What this task involves
Leaving out pictures, output exactly the lines below from the one that has "本品精挑天然小叶紫檀8mm园" through the one that has "- Nouveauté : 9", and nothing else.
*** Task material Section Begins ***
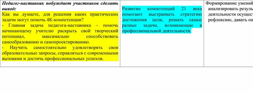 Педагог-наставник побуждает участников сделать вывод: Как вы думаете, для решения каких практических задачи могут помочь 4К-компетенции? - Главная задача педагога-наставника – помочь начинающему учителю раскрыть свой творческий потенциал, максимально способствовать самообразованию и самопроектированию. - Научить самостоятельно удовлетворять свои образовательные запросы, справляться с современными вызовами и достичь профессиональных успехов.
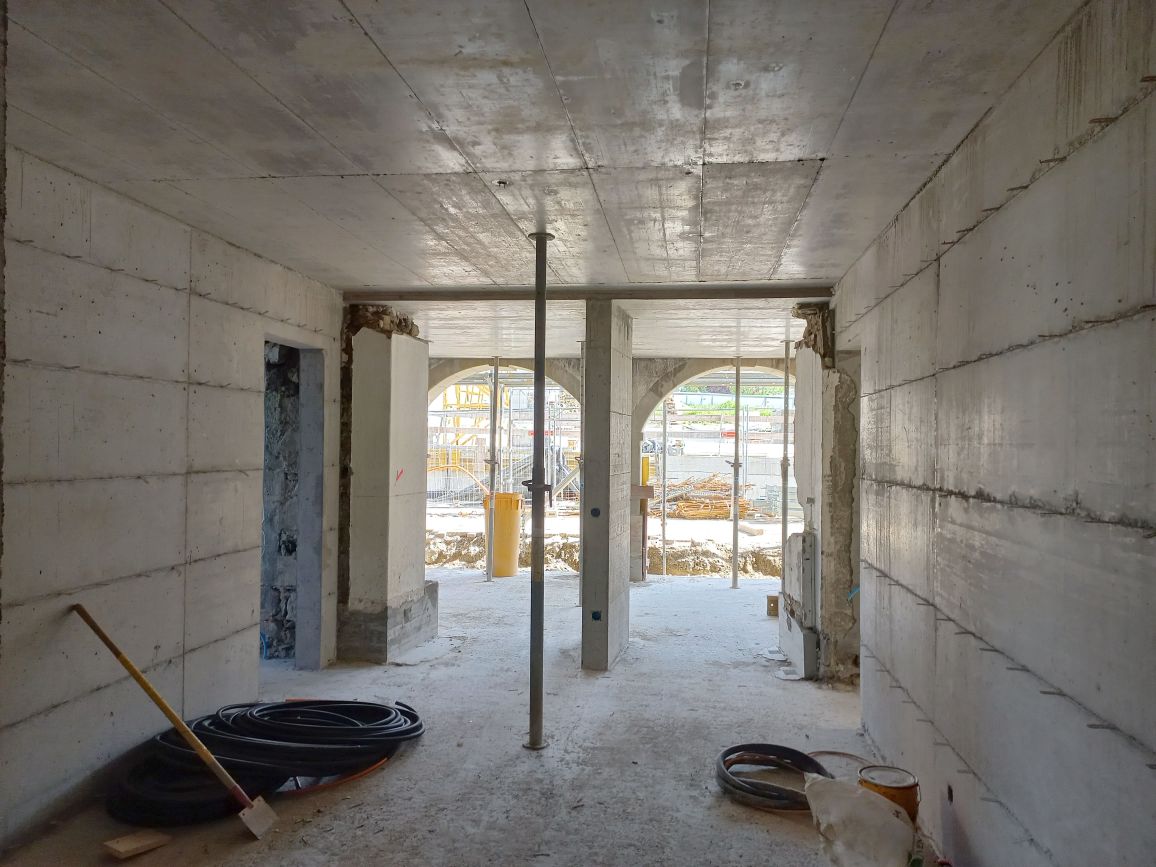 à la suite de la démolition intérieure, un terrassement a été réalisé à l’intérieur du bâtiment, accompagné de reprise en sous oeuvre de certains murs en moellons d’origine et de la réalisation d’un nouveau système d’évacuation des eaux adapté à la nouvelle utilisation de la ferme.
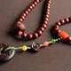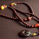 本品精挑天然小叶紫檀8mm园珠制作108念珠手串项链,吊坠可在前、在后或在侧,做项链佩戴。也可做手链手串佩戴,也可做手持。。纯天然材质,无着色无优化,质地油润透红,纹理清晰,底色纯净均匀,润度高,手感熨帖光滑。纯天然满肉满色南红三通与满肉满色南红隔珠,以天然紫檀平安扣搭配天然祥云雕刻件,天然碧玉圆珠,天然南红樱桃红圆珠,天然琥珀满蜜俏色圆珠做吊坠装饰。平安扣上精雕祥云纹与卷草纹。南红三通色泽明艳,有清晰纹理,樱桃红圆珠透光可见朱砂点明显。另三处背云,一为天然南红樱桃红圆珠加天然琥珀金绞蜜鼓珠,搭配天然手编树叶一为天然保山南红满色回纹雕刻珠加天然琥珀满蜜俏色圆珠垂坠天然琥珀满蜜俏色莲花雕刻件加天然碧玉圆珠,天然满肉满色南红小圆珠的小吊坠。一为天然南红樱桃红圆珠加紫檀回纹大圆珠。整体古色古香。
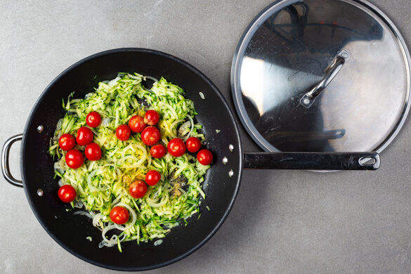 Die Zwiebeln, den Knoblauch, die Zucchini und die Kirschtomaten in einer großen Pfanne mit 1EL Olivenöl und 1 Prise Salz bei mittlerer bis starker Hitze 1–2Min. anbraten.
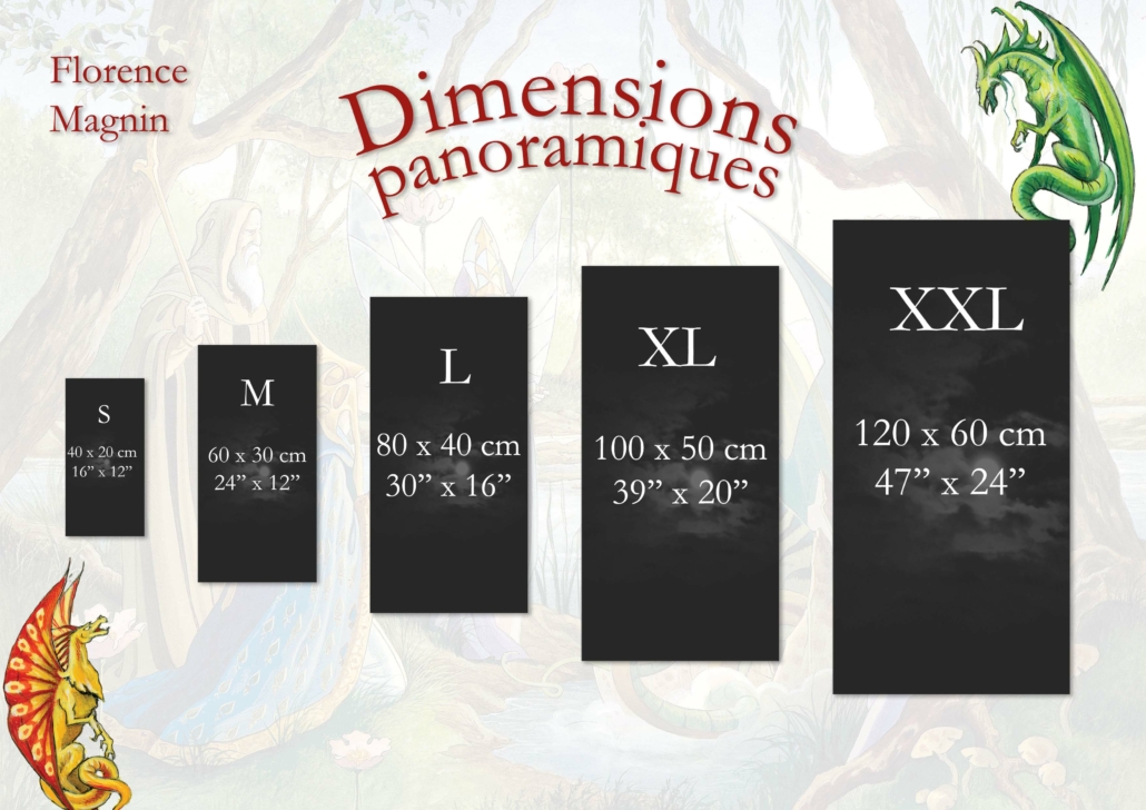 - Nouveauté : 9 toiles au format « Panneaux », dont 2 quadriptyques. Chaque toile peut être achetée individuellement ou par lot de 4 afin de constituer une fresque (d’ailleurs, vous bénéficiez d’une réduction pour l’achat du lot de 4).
*** Task material Section Ends ***
*** Task material Section Begins ***
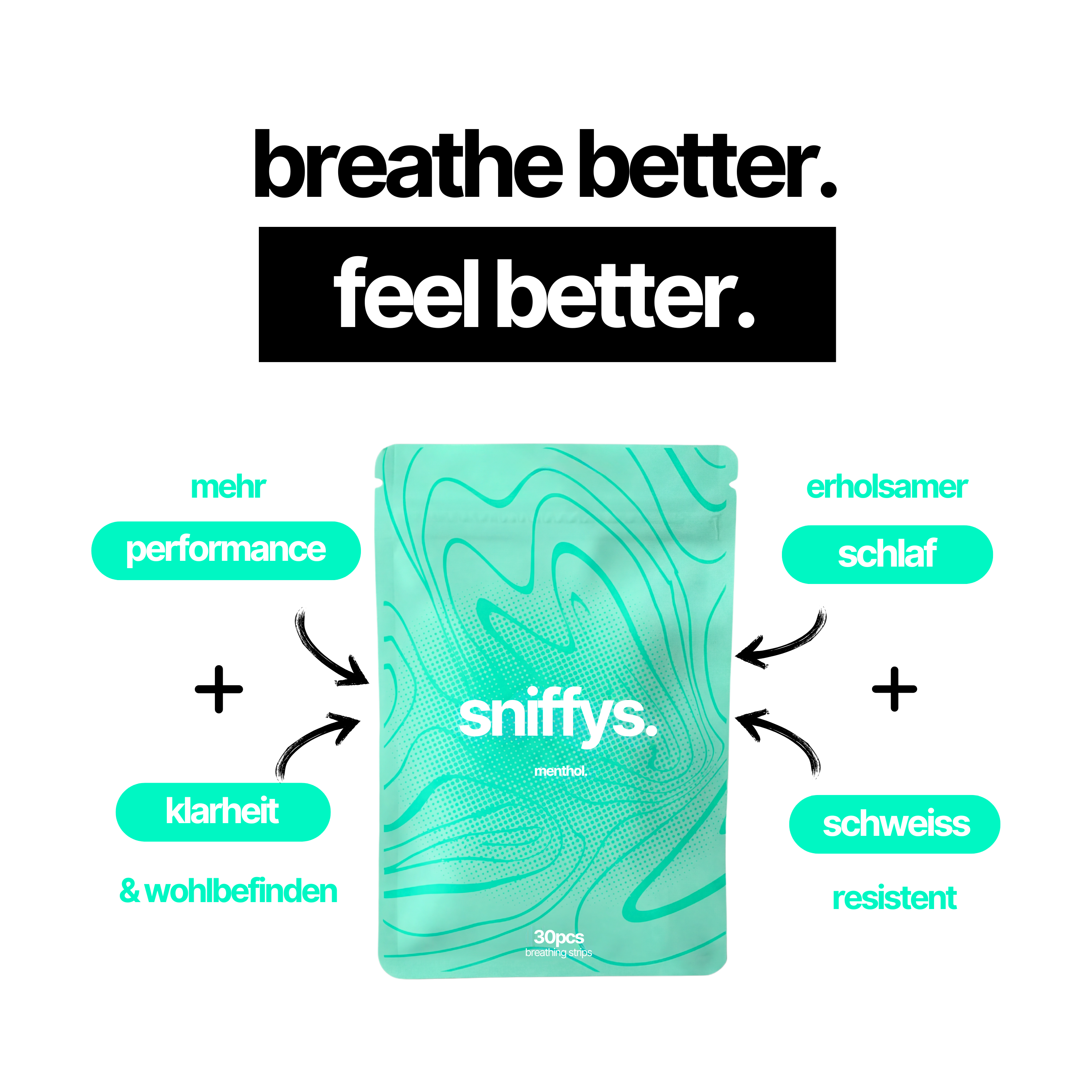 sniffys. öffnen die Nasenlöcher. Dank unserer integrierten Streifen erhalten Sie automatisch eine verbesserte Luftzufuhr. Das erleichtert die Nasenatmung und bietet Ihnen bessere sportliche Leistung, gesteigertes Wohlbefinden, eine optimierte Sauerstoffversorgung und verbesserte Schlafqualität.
*** Task material Section Ends ***
Task result
 本品精挑天然小叶紫檀8mm园珠制作108念珠手串项链,吊坠可在前、在后或在侧,做项链佩戴。也可做手链手串佩戴,也可做手持。。纯天然材质,无着色无优化,质地油润透红,纹理清晰,底色纯净均匀,润度高,手感熨帖光滑。纯天然满肉满色南红三通与满肉满色南红隔珠,以天然紫檀平安扣搭配天然祥云雕刻件,天然碧玉圆珠,天然南红樱桃红圆珠,天然琥珀满蜜俏色圆珠做吊坠装饰。平安扣上精雕祥云纹与卷草纹。南红三通色泽明艳,有清晰纹理,樱桃红圆珠透光可见朱砂点明显。另三处背云,一为天然南红樱桃红圆珠加天然琥珀金绞蜜鼓珠,搭配天然手编树叶一为天然保山南红满色回纹雕刻珠加天然琥珀满蜜俏色圆珠垂坠天然琥珀满蜜俏色莲花雕刻件加天然碧玉圆珠,天然满肉满色南红小圆珠的小吊坠。一为天然南红樱桃红圆珠加紫檀回纹大圆珠。整体古色古香。
 Die Zwiebeln, den Knoblauch, die Zucchini und die Kirschtomaten in einer großen Pfanne mit 1EL Olivenöl und 1 Prise Salz bei mittlerer bis starker Hitze 1–2Min. anbraten.
 - Nouveauté : 9 toiles au format « Panneaux », dont 2 quadriptyques. Chaque toile peut être achetée individuellement ou par lot de 4 afin de constituer une fresque (d’ailleurs, vous bénéficiez d’une réduction pour l’achat du lot de 4).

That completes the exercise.